3 fundamental questions.

• Every economic system(traditional, command, market) must address itself to 3 fundamental questions that allocation issues.

• The market system addresses these questions via the relative price mechanism.

• The questions are:– What to produce?

– How to produce?

– How to distribute (allocate) output/income?

What to produce?

• What should be the composition of output? How should it be divided between consumption goods versus capital goods? How should it be divided between necessary goods and luxury goods?

• In private property capitalism the answer to these questions is provided by relative prices, which in turn determine relative profitability.

• Why does our pharmaceutical industry provide several treatments for male pattern baldness, but very no effective treatment for malaria?

How to produce?

• This question asks which productive technique, i.e. combination of productive factors, should be used to produce a particular output.

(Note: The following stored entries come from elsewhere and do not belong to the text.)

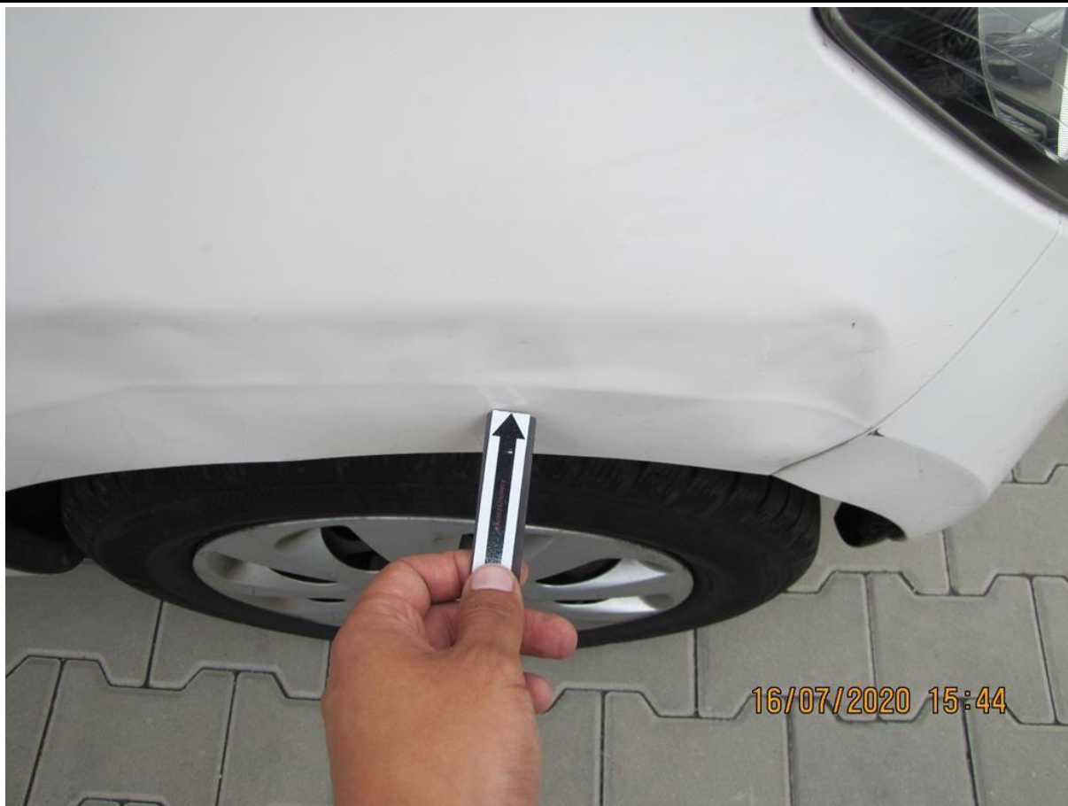
Fot. nr 67
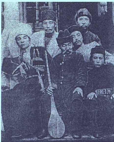
Ғабдол-Ҳакім Бөкейханов (сол жақта). Орда, XX з. 10-шы эжс. ш.
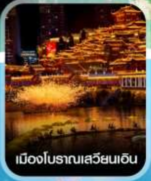
เมืองโบราณเสวียนเอ็น
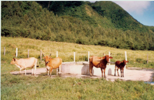
蘭嶼農場先進之肉牛飲用水設施。

離島早年交通不便人煙稀少，每年7月至9月為颱風季節，11月至翌年3月為東北季風，因常遭受狂風暴雨侵襲，致土地多屬貧瘠，農場積極廣植牧草，藉由施肥進行土地改良，化荒地為優質綠地，對蘭嶼整體地力提升及水土保持有良好成果。
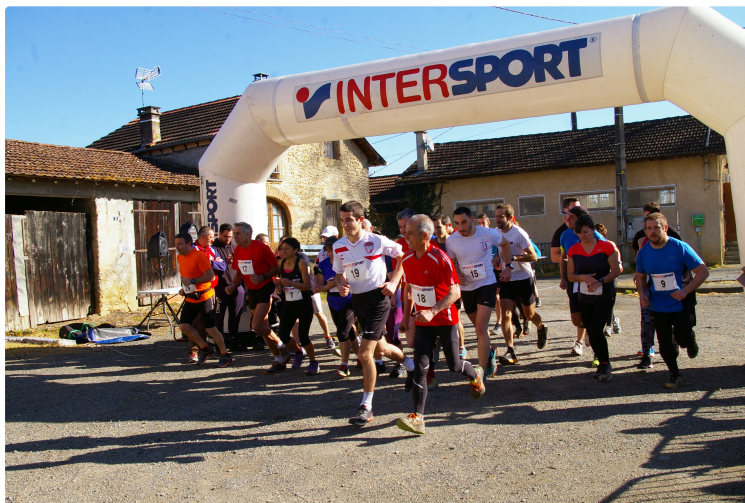
Trail Départemental des sapeurs-pompiers

Trente-cinq concurrentes et concurrents à travers bois vignes et chemins
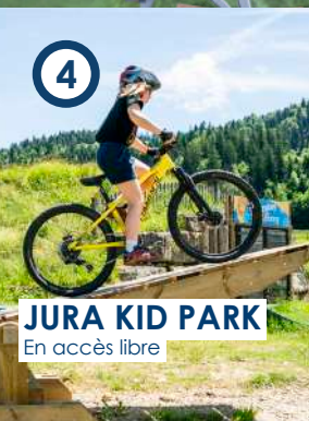
JURA KID PARK En accès libre

• The answer involves relative prices of productive factors.

• If firms wish to increase profits, they must minimize costs of production. (Recall the profit equation!)

• To minimize total costs firms will those techniques that involve relatively cheap productive inputs.

How to distribute output/income?

• Why does Peyton Manning have so much more stuff than I do?!

• (Because his income is higher, dummy!)

• Why is his income higher?!

• (Because the relative wage for elite football talent is much greater that that for mediocre economics teaching talent, idiot!)

• Oh, right! It comes down to relative price, again.